While the region was once unified by its culture and language,[6][7] it has never been a single political entity.[8] The territories that it would encompass are Canary Islands and the Siwa Oasis, Morocco, Algeria, Tunisia, Libya, Mauritania, Western Sahara, and parts of Mali, Niger, Burkina Faso and Senegal.[9][10]

Overview

Historically, Berbers did not see themselves as a single cultural or linguistic unit,[11] and there was no singular endonym for the speakers of the languages descended from what is now called Proto-Libyan. Instead, more specific terms for each subgroup were employed such as the Kabyle term Leqbayel or the Shawi term Ishawiyen.[12] Berber peoples did not refer to themselves as Berbers/Amazigh but had their own terms to refer to their own groups and communities.[13]

Ramzi Rouighi argues that Berbers started being referred to collectively as Berbers following the Arab Muslim conquest of the Maghreb in the 7th century.

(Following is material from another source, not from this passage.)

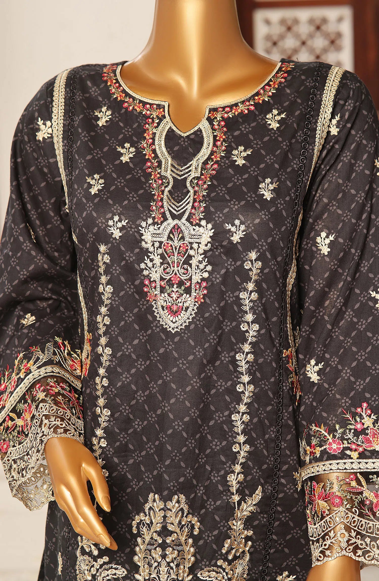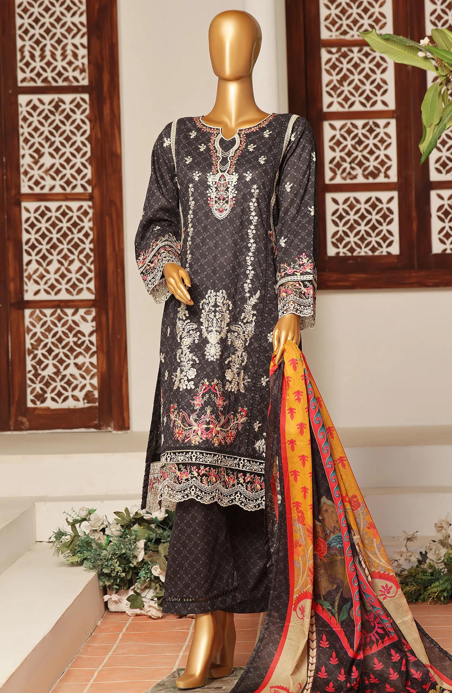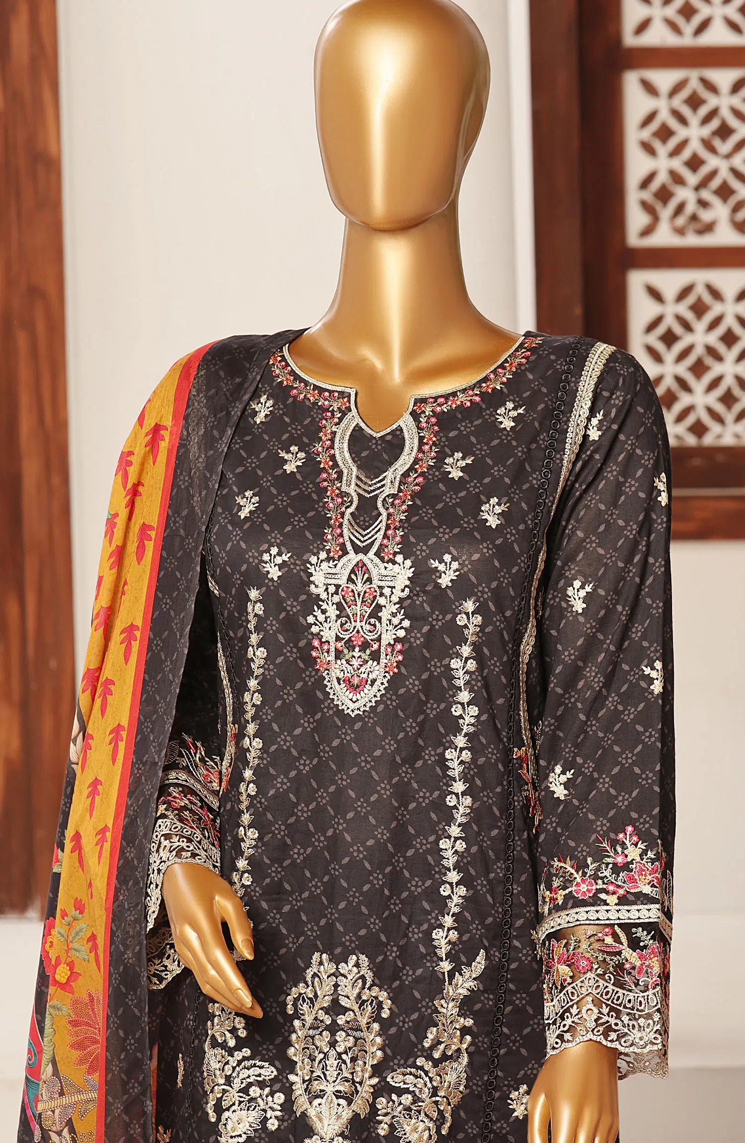 Modest Embroidered Khaddar Stitched 3 Piece Suit - 9990-Blk - MOD25WNT - Black - Winter Collection
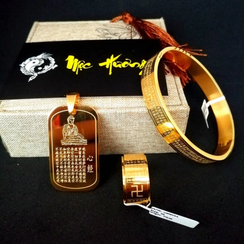 Combo Bộ 3 Nhẫn + Vòng + Mặt bát nhã tâm kinh chính hãng mạ vàng 24k - Bảo hành 2 năm không bay màu. - Nhẫn được làm từ Titan mạ vàng 24k siêu bền và cứng cáp. - Chống xước và...

This word referred mostly to groups in northwest Africa.[14] This was then solidified during French colonization when 'Berbère' became a relatively common term of self-identification.[15]

In an attempt to reclaim the identity from the history of colonization, the Agraw Imazighen (a Paris-based Kabyle activist association that dissolved in 1978 and was known as the Berber Academy before 1969) coined the term Tamazɣa using the pre-existing triconsonantal root M-Z-Ɣ[16] in the 1970s to refer to the lands where the different Berber languages were spoken.[2]

The term has been translated into Spanish as Mazigia, abbreviated as MZG and used as an alternative international license plate code for some people.[17]